'The Tree of Life' Review: The Ancestor at the Root of It All

Dow Jones2025-12-26

By Adrian Woolfson

Perhaps the most remarkable feature of all species, living and extinct, is their extraordinary interconnectivity. Each species on Earth can trace its roots back to the same cluster of ancestral organisms and occupies a distinct position on a single, complex, prolifically branching, unfathomably extensive and largely invisible tree of life.

In his enjoyable and ambitious "The Tree of Life," Max Telford, an evolutionary biologist at University College London, takes us on an exhilarating cartographic journey in which he attempts to map out the various rivers and tributaries that make up the basic infrastructure of life's evolutionary history. Go back far enough and these pathways invariably converge, leading to life's ultimate source and origin -- the last universal common ancestor, or LUCA.
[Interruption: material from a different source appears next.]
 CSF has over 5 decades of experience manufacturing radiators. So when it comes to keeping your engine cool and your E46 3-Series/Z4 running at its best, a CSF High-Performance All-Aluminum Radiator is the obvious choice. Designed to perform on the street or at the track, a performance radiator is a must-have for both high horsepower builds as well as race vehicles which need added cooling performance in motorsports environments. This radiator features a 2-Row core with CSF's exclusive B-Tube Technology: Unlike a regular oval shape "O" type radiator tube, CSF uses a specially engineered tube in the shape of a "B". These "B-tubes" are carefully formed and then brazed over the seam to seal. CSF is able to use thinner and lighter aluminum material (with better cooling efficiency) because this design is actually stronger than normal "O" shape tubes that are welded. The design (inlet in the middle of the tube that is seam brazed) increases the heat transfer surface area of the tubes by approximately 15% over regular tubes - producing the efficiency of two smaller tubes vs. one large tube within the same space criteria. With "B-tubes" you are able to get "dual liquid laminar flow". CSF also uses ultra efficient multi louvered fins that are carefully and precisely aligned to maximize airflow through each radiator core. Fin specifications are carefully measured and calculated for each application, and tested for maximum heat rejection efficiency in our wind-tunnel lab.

As the majority of this evolutionary terrain no longer exists, this charting of life's history, we learn, relies on our ability to create the rudiments of an engine that can facilitate travel back in evolutionary time. Remarkably, it turns out, the trunk, branches, twigs and leaves of the tree itself -- the species populating it -- furnish the mechanical components of such a device.
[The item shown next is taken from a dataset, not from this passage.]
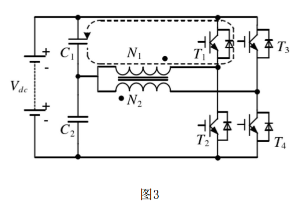 (3)所述③ 狀態(tài)在② 狀態(tài)的續(xù)流完成后開始,此狀態(tài)下,開關(guān)管T4導(dǎo)通,T1、T2、T3關(guān)斷;電流從下電容C2正端流出,經(jīng)過N2線圈、開關(guān)管T4后流回下電容C2的負端,此時:

The branching evolutionary relationships between species were anticipated by Charles Darwin in his 1837 Notebook B sketch, in which he fashioned a minimalistic tree-like diagram that depicted the descent and diversification of species from common ancestors. He later referred to these branches in "On the Origin of Species" (1859), as forming "a great tree" of related beings. But it was Ernst Haeckel, the German biologist, in "Generelle Morphologie der Organismen" ("General Morphology of Organisms," 1866), who first represented the branching evolutionary relationships in the form of a tree rooted in common descent. Haeckel was himself inspired, Mr. Telford writes, by August Schleicher, a University of Jena colleague who believed that it was possible to "travel back in time, down the branches of his language tree" to construct the precursor of Indo-European languages.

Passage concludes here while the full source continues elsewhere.